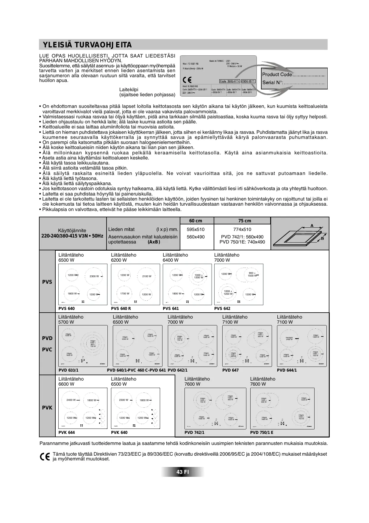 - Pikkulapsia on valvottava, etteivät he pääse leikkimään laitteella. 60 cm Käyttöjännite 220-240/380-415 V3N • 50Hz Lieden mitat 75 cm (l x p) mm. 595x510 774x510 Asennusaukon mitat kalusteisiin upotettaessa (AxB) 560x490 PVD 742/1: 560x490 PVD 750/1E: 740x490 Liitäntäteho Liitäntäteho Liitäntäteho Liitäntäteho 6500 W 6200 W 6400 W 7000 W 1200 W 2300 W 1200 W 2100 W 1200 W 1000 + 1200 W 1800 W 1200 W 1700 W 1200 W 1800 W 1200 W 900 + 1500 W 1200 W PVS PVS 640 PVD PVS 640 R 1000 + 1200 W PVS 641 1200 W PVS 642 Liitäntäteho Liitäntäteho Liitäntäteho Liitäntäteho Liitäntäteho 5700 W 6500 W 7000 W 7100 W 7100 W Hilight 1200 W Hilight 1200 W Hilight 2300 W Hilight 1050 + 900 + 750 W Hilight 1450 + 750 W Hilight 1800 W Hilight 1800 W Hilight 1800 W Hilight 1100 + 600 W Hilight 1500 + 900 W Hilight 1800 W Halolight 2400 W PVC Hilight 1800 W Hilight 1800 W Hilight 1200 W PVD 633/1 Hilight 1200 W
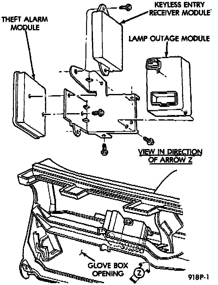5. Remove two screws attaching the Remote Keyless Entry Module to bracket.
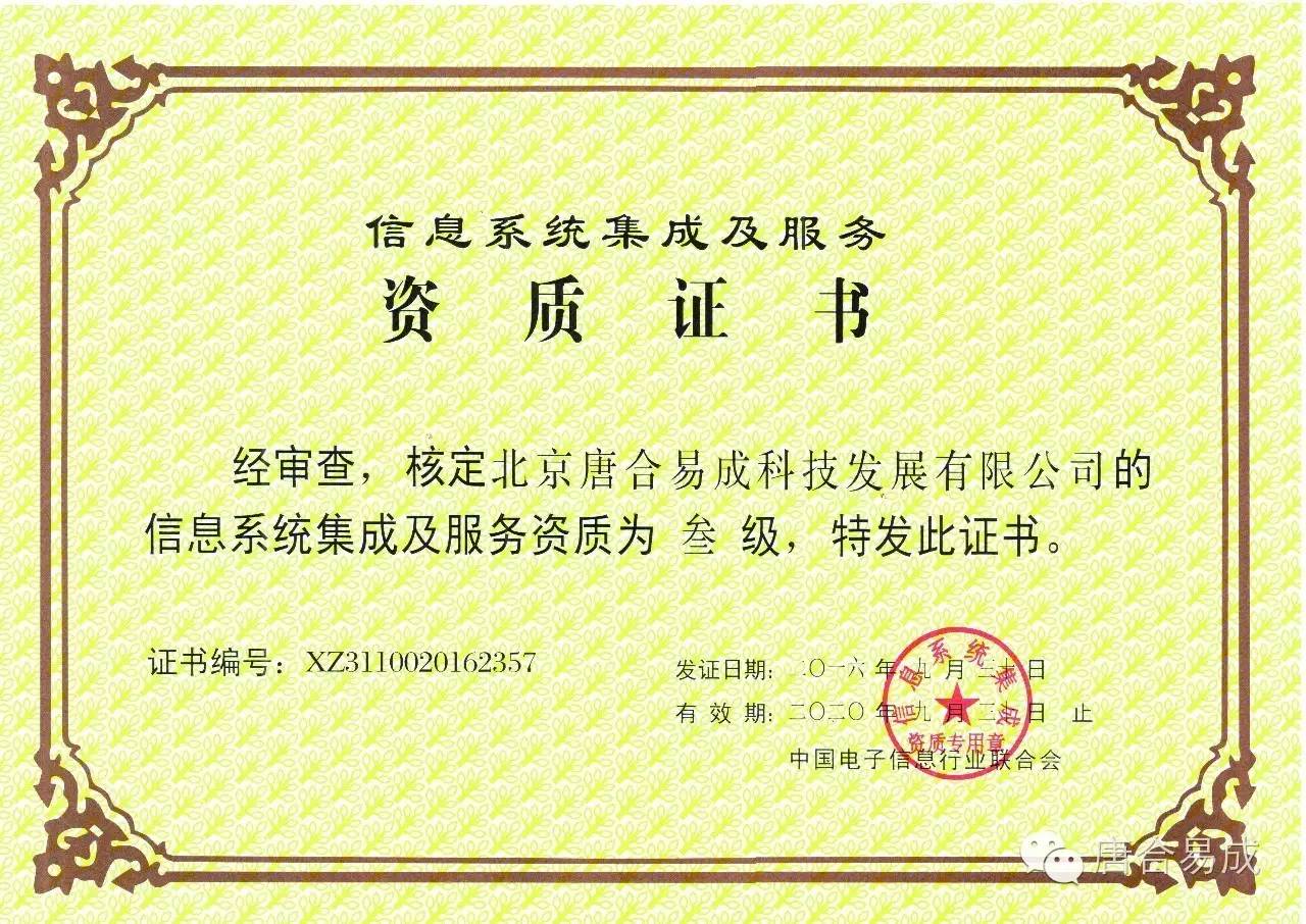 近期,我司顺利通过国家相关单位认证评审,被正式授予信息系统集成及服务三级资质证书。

◆ Assigned task: The data above should be returned in full, exactly as written, apart from its images.

◆ Your solution:
 - Pikkulapsia on valvottava, etteivät he pääse leikkimään laitteella. 60 cm Käyttöjännite 220-240/380-415 V3N • 50Hz Lieden mitat 75 cm (l x p) mm. 595x510 774x510 Asennusaukon mitat kalusteisiin upotettaessa (AxB) 560x490 PVD 742/1: 560x490 PVD 750/1E: 740x490 Liitäntäteho Liitäntäteho Liitäntäteho Liitäntäteho 6500 W 6200 W 6400 W 7000 W 1200 W 2300 W 1200 W 2100 W 1200 W 1000 + 1200 W 1800 W 1200 W 1700 W 1200 W 1800 W 1200 W 900 + 1500 W 1200 W PVS PVS 640 PVD PVS 640 R 1000 + 1200 W PVS 641 1200 W PVS 642 Liitäntäteho Liitäntäteho Liitäntäteho Liitäntäteho Liitäntäteho 5700 W 6500 W 7000 W 7100 W 7100 W Hilight 1200 W Hilight 1200 W Hilight 2300 W Hilight 1050 + 900 + 750 W Hilight 1450 + 750 W Hilight 1800 W Hilight 1800 W Hilight 1800 W Hilight 1100 + 600 W Hilight 1500 + 900 W Hilight 1800 W Halolight 2400 W PVC Hilight 1800 W Hilight 1800 W Hilight 1200 W PVD 633/1 Hilight 1200 W
5. Remove two screws attaching the Remote Keyless Entry Module to bracket.
 近期,我司顺利通过国家相关单位认证评审,被正式授予信息系统集成及服务三级资质证书。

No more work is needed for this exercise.